(Records from a dataset)
===============
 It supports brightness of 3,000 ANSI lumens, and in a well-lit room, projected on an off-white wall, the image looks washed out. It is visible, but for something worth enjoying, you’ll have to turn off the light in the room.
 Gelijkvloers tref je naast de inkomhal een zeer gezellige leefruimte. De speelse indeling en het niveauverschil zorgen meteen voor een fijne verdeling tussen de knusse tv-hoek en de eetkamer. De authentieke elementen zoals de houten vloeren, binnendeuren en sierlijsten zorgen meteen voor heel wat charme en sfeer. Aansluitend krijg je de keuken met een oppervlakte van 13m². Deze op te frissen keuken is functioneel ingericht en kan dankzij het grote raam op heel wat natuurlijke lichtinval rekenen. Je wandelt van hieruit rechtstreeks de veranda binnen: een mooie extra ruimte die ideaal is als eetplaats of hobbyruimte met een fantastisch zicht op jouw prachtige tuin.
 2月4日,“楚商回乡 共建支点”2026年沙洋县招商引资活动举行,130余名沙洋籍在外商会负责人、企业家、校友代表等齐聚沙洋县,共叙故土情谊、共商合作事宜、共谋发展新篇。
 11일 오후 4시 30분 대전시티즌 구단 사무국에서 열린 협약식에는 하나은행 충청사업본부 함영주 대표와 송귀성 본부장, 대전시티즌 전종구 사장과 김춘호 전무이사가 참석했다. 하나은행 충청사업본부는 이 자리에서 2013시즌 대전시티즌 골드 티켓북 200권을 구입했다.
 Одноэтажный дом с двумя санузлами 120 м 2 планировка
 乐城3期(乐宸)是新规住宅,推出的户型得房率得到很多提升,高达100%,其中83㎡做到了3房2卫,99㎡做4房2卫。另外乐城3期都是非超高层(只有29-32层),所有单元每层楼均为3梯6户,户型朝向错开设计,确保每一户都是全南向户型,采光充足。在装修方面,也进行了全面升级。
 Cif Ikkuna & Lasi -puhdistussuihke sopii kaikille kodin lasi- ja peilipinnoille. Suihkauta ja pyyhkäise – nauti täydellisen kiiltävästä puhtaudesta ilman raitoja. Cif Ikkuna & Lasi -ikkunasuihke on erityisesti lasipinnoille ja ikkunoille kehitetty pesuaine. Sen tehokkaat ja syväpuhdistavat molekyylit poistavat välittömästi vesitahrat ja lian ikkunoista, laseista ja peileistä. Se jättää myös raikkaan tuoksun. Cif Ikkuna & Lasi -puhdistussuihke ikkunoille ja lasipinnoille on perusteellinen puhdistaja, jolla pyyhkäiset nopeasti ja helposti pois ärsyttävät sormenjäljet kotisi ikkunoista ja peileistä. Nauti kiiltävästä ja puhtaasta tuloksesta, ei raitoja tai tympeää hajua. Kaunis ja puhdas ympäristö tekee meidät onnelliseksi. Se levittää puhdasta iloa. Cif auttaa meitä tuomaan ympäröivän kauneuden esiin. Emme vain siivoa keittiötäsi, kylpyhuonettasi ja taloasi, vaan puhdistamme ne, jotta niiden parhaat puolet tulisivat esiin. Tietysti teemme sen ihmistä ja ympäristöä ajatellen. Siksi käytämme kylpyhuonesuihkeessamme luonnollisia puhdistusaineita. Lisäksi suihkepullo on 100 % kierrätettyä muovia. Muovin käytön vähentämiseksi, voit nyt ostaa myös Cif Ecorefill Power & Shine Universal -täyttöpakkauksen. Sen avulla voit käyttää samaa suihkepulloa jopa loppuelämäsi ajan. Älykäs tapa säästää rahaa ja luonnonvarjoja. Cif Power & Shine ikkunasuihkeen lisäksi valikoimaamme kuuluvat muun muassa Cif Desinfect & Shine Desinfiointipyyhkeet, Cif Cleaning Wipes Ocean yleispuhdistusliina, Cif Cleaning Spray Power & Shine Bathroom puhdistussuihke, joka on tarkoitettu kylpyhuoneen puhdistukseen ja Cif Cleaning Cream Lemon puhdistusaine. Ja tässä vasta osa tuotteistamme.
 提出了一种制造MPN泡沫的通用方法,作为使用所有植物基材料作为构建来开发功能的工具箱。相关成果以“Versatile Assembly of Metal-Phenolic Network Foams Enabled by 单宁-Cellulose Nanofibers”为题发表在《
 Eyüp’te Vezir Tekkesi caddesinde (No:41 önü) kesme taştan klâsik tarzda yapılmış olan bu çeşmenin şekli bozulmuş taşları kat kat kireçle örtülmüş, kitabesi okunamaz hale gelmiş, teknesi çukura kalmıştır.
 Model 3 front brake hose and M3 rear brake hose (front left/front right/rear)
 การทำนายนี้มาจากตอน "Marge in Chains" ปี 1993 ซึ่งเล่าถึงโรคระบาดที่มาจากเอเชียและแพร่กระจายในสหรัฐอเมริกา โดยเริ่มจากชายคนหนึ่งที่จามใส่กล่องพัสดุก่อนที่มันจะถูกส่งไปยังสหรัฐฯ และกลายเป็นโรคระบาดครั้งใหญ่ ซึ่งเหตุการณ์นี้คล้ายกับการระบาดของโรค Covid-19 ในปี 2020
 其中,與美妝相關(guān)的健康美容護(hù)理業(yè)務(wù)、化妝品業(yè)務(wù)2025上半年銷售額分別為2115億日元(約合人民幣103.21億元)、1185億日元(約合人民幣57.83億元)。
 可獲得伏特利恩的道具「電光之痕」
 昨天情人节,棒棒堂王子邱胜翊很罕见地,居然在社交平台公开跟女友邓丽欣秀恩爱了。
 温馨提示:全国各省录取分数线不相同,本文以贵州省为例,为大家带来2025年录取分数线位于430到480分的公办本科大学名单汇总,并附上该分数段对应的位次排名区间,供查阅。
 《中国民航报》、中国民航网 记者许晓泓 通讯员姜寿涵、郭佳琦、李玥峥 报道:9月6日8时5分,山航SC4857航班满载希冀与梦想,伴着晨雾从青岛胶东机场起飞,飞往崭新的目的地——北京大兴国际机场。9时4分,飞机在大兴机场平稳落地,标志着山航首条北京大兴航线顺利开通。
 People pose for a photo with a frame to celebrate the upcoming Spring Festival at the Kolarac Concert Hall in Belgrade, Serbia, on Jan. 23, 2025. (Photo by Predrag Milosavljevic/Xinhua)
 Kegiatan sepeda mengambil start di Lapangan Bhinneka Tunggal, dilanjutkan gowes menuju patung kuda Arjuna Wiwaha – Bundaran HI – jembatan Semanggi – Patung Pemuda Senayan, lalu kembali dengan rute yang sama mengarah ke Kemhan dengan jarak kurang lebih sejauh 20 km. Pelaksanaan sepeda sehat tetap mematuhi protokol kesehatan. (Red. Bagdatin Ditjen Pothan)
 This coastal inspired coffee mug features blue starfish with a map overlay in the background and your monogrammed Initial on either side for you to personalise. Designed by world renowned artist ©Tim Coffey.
===============
> _Task goal_
Only the lines from the top of the data through the line that contains "乐城3期(乐宸)是新规住宅,推出的户型得" should be quoted, exactly as they stand.

> _Finished exercise_
 It supports brightness of 3,000 ANSI lumens, and in a well-lit room, projected on an off-white wall, the image looks washed out. It is visible, but for something worth enjoying, you’ll have to turn off the light in the room.
 Gelijkvloers tref je naast de inkomhal een zeer gezellige leefruimte. De speelse indeling en het niveauverschil zorgen meteen voor een fijne verdeling tussen de knusse tv-hoek en de eetkamer. De authentieke elementen zoals de houten vloeren, binnendeuren en sierlijsten zorgen meteen voor heel wat charme en sfeer. Aansluitend krijg je de keuken met een oppervlakte van 13m². Deze op te frissen keuken is functioneel ingericht en kan dankzij het grote raam op heel wat natuurlijke lichtinval rekenen. Je wandelt van hieruit rechtstreeks de veranda binnen: een mooie extra ruimte die ideaal is als eetplaats of hobbyruimte met een fantastisch zicht op jouw prachtige tuin.
 2月4日,“楚商回乡 共建支点”2026年沙洋县招商引资活动举行,130余名沙洋籍在外商会负责人、企业家、校友代表等齐聚沙洋县,共叙故土情谊、共商合作事宜、共谋发展新篇。
 11일 오후 4시 30분 대전시티즌 구단 사무국에서 열린 협약식에는 하나은행 충청사업본부 함영주 대표와 송귀성 본부장, 대전시티즌 전종구 사장과 김춘호 전무이사가 참석했다. 하나은행 충청사업본부는 이 자리에서 2013시즌 대전시티즌 골드 티켓북 200권을 구입했다.
 Одноэтажный дом с двумя санузлами 120 м 2 планировка
 乐城3期(乐宸)是新规住宅,推出的户型得房率得到很多提升,高达100%,其中83㎡做到了3房2卫,99㎡做4房2卫。另外乐城3期都是非超高层(只有29-32层),所有单元每层楼均为3梯6户,户型朝向错开设计,确保每一户都是全南向户型,采光充足。在装修方面,也进行了全面升级。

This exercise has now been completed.